Ridicule par instants
J’ai l’air de me moquer, mais avouons que, fondu dans le kitsch outré de l’improbable reconstitution se glisse, à un moment, l’étreinte chorégraphiée, ardente, sensuelle, capiteuse, de ces deux anatomies mâles, en transe sous l’effet de l’ayahuasca – et c’est, visuellement, une magnifique séquence. Saluons également la bande-son signée Trent Reznor et Atticus Ross, émaillée de titres de New Order, de Prince ou de Nirvana… Luca Guadagnino ne résiste pas, dans une séquence onirique moins convaincante que celle évoquée plus haut, à transposer sur ses deux héros le célèbre épisode qui, bien réel, causa la mort accidentelle de Joan Vollmer, la femme de William S. Burroughs (la pauvre) : le colt de l’écrivain visait le verre que, par jeu, elle avait posé sur son crâne ; la balle s’est plantée dans le front ; le verre est tombé ; Joan aussi. Fallait-il à tout prix, dans le film, reporter sur les personnages de Lee et Eugene ce trauma, fondateur de l’écriture si particulière de Burroughs ? Un peu téléphoné, comme on dit. Enfin, dans le troisième et ultime « chapitre » du film, celui-ci distendu à l’excès, l’échappée de nos deux amis-amants dans l’antre tropical de la sorcière botaniste (Lesley Manville) dispensatrice de l’hallucinogène convoité, confine au ridicule par instants…

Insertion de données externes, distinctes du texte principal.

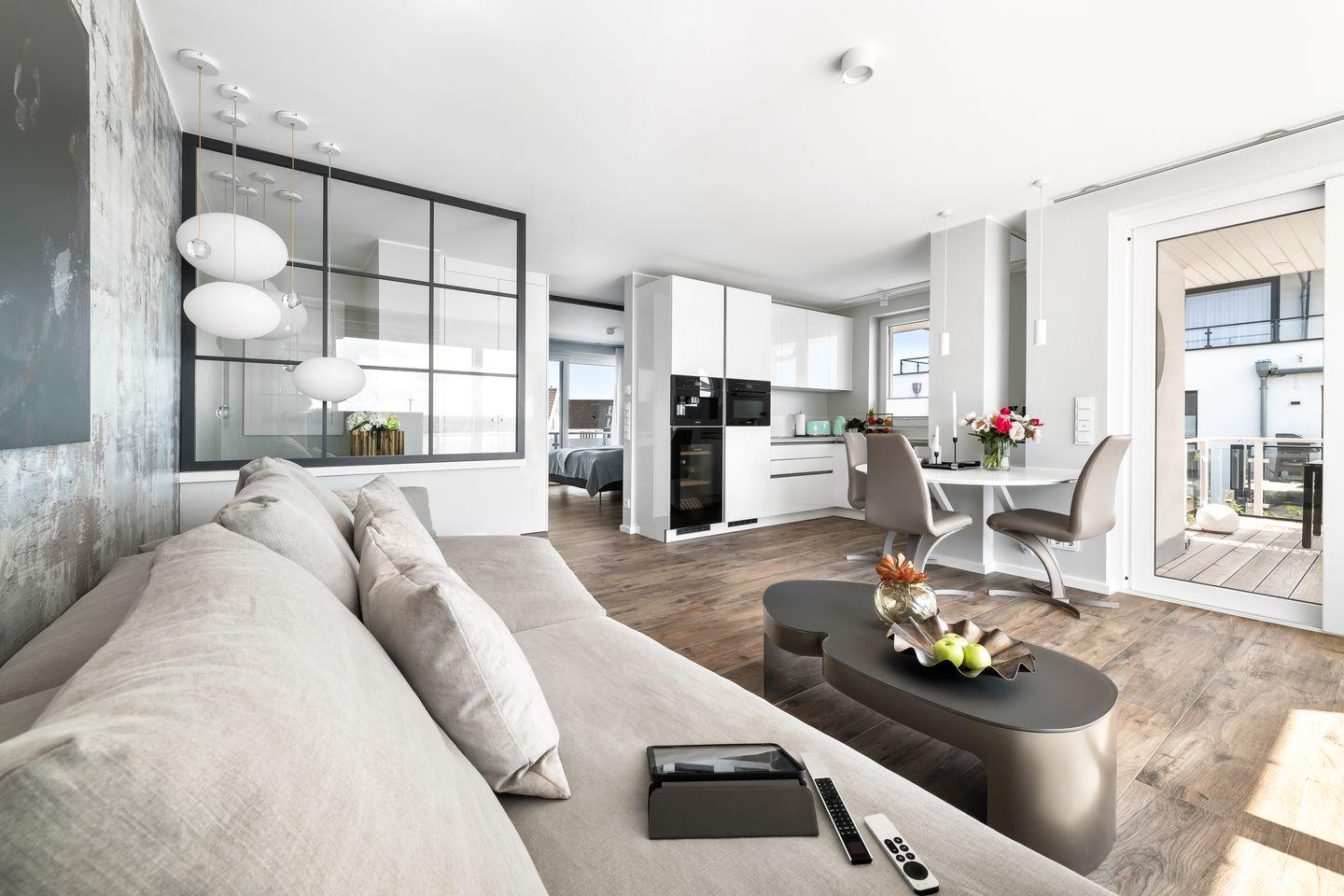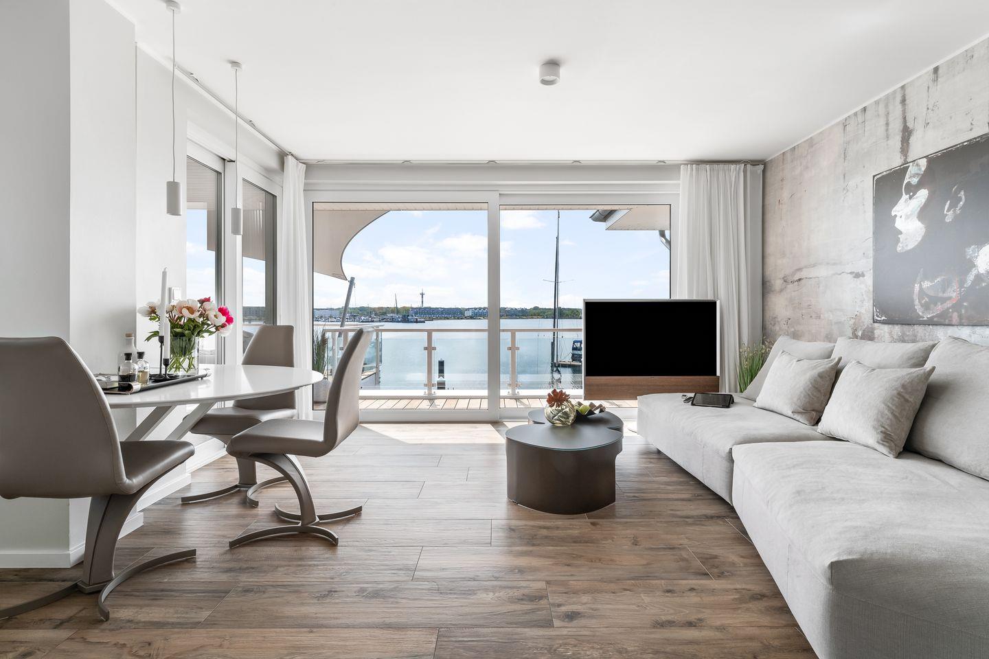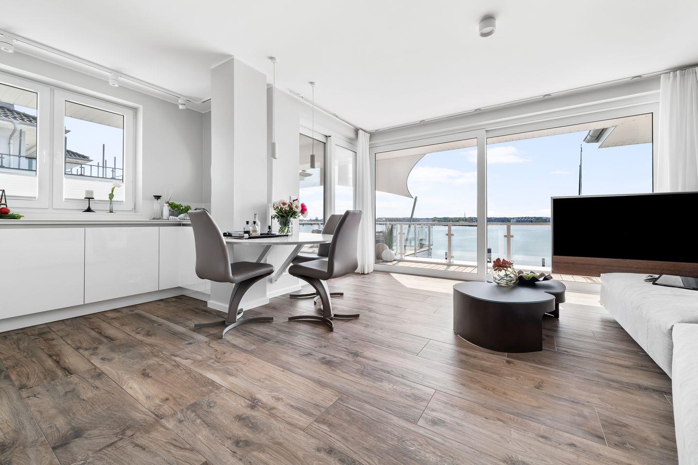 Stilvolle Ostsee-Ferienwohnung "Leuchtfeuer" mit privater Dachterrasse und traumhaftem Meerblick in Olpenitz.

Et dire qu’en 2025, dans notre époque devenue si chatouilleuse pour ce qui tient à l’amour vénal, au fameux « consentement » – maître-mot de l’inquisition woke – à la différence d’âge dans le rapport sexuel, et tout simplement au désir, tout ce petit monde de pervers polymorphes serait mis en examen vite fait ! L’univers Queer – sex and drugs and rock and roll – n’est plus ce qu’il était, vraiment : c’est peut-être la leçon subliminale de ce film, plus consternant dans sa forme que dans ses intentions. Mon conseil, au sortir de la séance ? Filez acheter Queer, le roman. Rien de mieux qu’un retour aux sources.
Queer. Film de Luca Guadagnino. Avec Daniel Craig, Drew Starkey… Italie, Etats-Unis, couleur, 2024. Durée : 2h16
A lire: Queer, roman de William S. Burroughs. Editions Christian Bourgois, 2025.